Kiedyś wystarczyło na 2 lata do Hansa pojeździć by zarobić na sporą część mieszkania czy domu.
Do hansa jeździłem jakieś 7-8 lat temu więc myślę, że porównywalne pieniądze do tego co teraz ;) tylko trzeba chcieć
@szmaragdowy_koral wiem co czujesz.
Ja zmarnowałem conajmnjej 10 lat by jakotako wychodzić na prostą
gość nie miał żadnego wsparcia od rodziców i pewnie teraz jest upośledzony emocjonalnie, normiki: "Kurła, ciesz się że miałeś dach nad głową i nie narzekaj!" jakie to typowe xD
@Naiken no coś w tym rodzaju xD ale kto tego nie przeżył to niestety nie zrozumie
@szmaragdowy_koral to wywal to na stół rodzicom, kolejny przegryw żali się w internecie. Ps pomyliłes portale #pdk
@szmaragdowy_koral czy znasz kogoś urodzonego w latach 80-90 którego rodzice "nauczyli w życie", zapewniali lepszy start ? Bo ja nie znam, oprócz jednej osoby. Praktycznie każdy urodzony w tym wieku żył w porównaniu do dzisiejszych czasów - w mniejszej lub wiekszej patologii/biedzie.
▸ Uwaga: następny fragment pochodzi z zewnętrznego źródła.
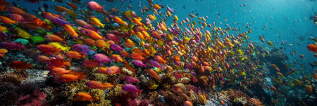 Vibrant coral reef panorama showcasing colorful marine life under clear waters
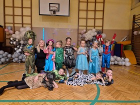 W sali gimnastycznej, udekorowanej przez Szkolne Koło Wolontariatu oraz Radę Rodziców zapanował radosny gwar. Młodsi uczniowie przybyli przebrani za różnorodne postacie z bajek, superbohaterów, zwierząt i postaci historycznych. Widać było, że dzieci włożyły wiele wysiłku, by ich przebrania były jak najbardziej oryginalne.
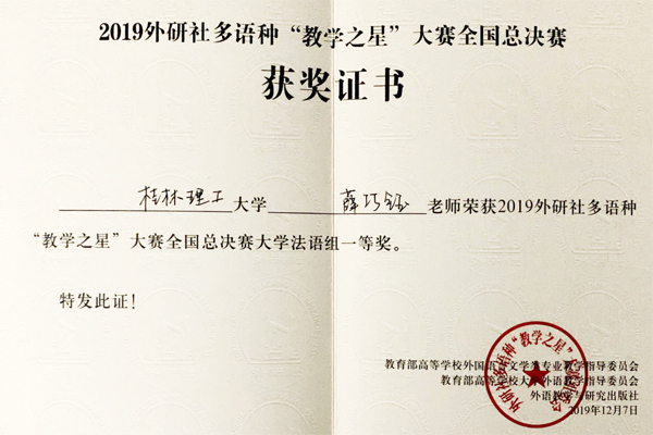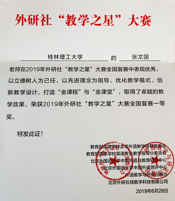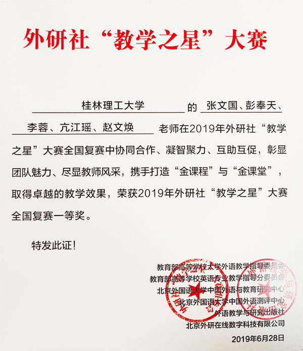 日前,2019年度外研社“教学之星”大赛落下帷幕。Beat365官网外国语学院教师在比赛中喜获佳绩,张文国、彭奉天、李蓉、亢江瑶、赵文焕五位老师获全国复赛一等奖,张文国老师带领的《交际英语》教学团队荣获全国复赛团队一等奖,薛巧钰老师荣获全国总决赛大学法语组一等奖。

Zyłeś tak samo jak wiekszość, twoi rodzice dostosowywali sie do wiekszości tak jak dzisiejsi rodzice.
Dzisiejsi rodzice nie wysyłaja dzieci na zajecia dodatkowe ze wzgłedu na jakieś własne rozkminy, tylko ze wzgłedu na obecne standardy które sie zmieniają. Gdyby dzisiaj standardem było zamiast zapisywanie na zajecia dodatkowe to tłuczenie dziecka kablem od prodiża to dzisiejsi rodzice zamawialiby tenże kabel bez prodiża (bo na co komu prodiż gdy jest termomix , frytkownica beztłuszczowa itp) do paczkomatu by tłuć swoje dzieci.
To tak jakby ktoś podobny do Ciebie pisał za kilkadziesiąt lat że jego rodzice go zaniedbali bo nie zapewnili mu tego co teraz jest zapewniane czyli np terapii hormonalnych czy co tam w przyszłości bedzie standardem.
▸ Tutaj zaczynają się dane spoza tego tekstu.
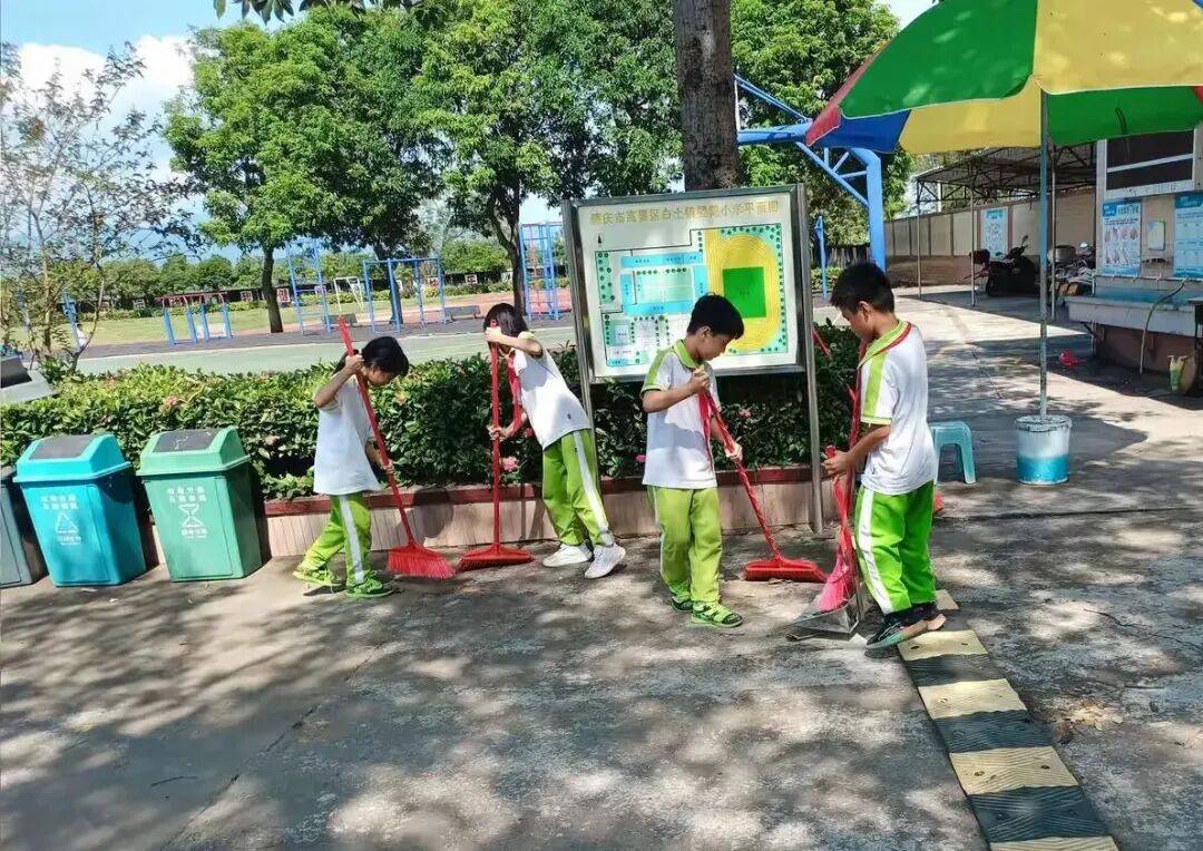 高要区白土镇塱鹤小学同学们化身“环境小卫士”。

Wymieniłeś głównie brak wsparcia i biede, nie wymieniłeś tego co oprócz tego było dość powszechne w polskich domach tamtego okresu czyli alkohol i przemoc wiec moznaby rzecz ze miałeś na tle równieśników w miare normalne dzieciństwo.
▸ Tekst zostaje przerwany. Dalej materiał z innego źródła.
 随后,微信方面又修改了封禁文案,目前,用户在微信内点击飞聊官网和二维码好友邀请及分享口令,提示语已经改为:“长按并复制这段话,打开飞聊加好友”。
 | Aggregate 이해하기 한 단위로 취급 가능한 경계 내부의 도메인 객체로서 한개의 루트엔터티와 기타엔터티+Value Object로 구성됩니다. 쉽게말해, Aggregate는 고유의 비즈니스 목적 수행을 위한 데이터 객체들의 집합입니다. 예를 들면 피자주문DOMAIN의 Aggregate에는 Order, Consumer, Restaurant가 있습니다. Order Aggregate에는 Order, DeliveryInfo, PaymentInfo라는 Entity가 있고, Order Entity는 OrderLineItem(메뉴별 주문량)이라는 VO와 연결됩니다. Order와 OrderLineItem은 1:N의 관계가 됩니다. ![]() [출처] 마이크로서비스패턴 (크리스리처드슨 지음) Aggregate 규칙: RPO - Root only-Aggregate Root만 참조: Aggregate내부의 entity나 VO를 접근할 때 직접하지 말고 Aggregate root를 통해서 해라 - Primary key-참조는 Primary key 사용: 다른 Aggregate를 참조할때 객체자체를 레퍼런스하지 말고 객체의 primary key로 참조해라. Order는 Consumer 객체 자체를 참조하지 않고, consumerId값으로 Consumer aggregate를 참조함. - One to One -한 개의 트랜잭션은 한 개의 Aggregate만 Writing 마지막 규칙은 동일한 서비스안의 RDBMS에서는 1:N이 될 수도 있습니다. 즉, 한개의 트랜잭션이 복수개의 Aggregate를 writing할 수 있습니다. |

@szmaragdowy_koral "kocham cię" raz na 5 lat to nieźle w porównaniu do tego co ja miałem. Ogarniesz się, u mnie najważniejsza była nauka kontaktów międzyludzkich, bo nikt mnie tego nie nauczył. Pozdro.
Zapomniałeś wspomnieć o wizytach policji/ ojcu alkoholiku i ukrywaniu się w pokoju dopóki przestanie drzeć się na matkę i pójdzie spać, wyuczona bezradność itp.